RSA key fingerprint is SHA256:UM6OflG0rkcYohes7qOlYoJZ4TIqVd0JQSh7HXYZQVA.
RSA key fingerprint is MD5:33:c2:30:22:57:5b:57:98:2f:11:07:4d:a3:4a:10:0f.
Are you sure you want to continue connecting (yes/no)? yes
Warning: Permanently added '[target.org]:15259,[205.172.2.88]:15259' (RSA) to the list of known hosts.
password
Enter password for my_user
Password:
Connected to target.org.
sftp> ls
csv_drop test_results
sftp> exit
and then copied the /home/me/.ssh/known_hosts to another location
[airflow@airflowetl .ssh]$ ls -lha
total 8.0K
drwx------ 2 airflow airflows 25 Oct 19 17:31 .
drwx------. 32 airflow airflows 4.0K Oct 19 17:31 ..
-rw-r--r-- 1 airflow airflows 777 Oct 19 17:32 known_hosts
[airflow@airflowetl .ssh]$ ls -lha /home/airflow/projects/backups/reporting/configs/known_hosts
-rw-r--r-- 1 airflow airflows 777 Oct 19 17:34 /home/airflow/projects/backups/reporting/configs/known_hosts
(noting that the permissions are the name for the original and copy) that gets used like...
# connect to ftp location
assert os.path.isfile(os.path.join(PROJECT_HOME, "configs", "known_hosts"))
cnopts = pysftp.CnOpts(knownhosts=os.path.join(PROJECT_HOME, "configs", "known_hosts"))

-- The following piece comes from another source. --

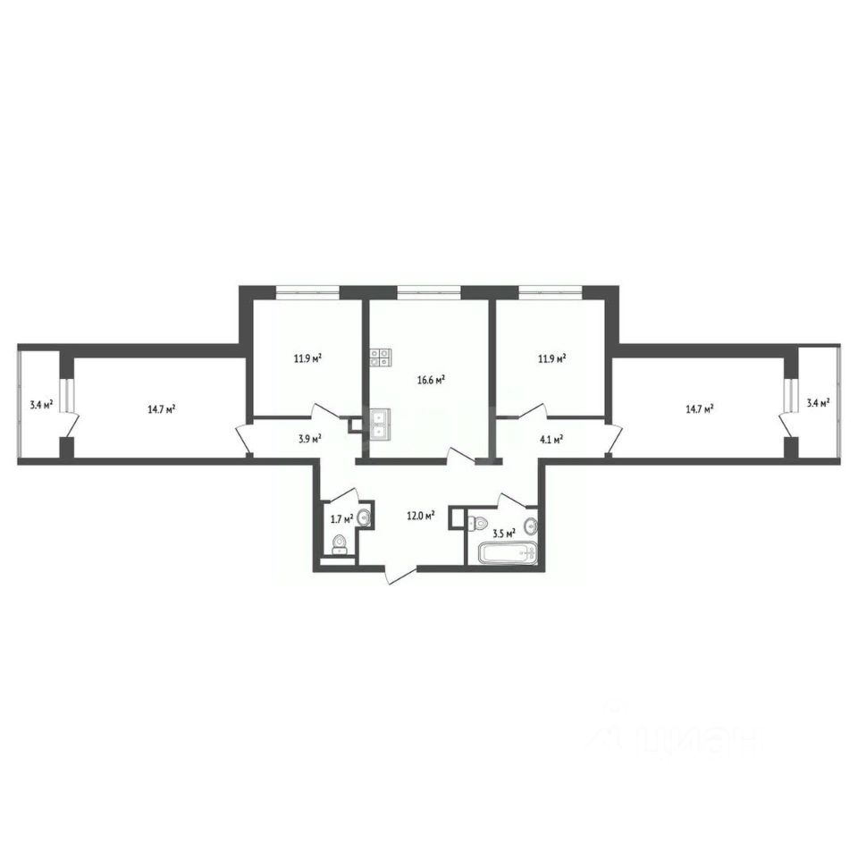 - Комнаты изолированные 14,7 м²; 14,7 м²; 11,9 м²; 11,9 м²

#cnopts = pysftp.CnOpts(knownhosts="/home/airflow/.ssh/known_hosts")
HOSTNAME = "target.org"
PORT = 15259
sftp = pysftp.Connection(HOSTNAME,
port=PORT,
username=CREDS["sink"]["ftp_creds"]["username"],
password=CREDS["sink"]["ftp_creds"]["password"],
cnopts=cnopts)
print(sftp.pwd())
print(sftp.listdir())
sftp.cwd(CONF["reporting_configs"]["to"]["share_folder_path"])
print(sftp.pwd())
print(sftp.listdir())
Yet, when running the script I get the error saying it could not find the hostkey (Note that even using the original known_hosts file path throws the same error (and happens whether using hostname or the IP)). What could be causing this? Any more debugging steps I could try to get more info? Don't have much experience with this kind of thing.
Looking in the debugger while running, I see that the cnopts hostkeys entries does seem to contain the right hostkey...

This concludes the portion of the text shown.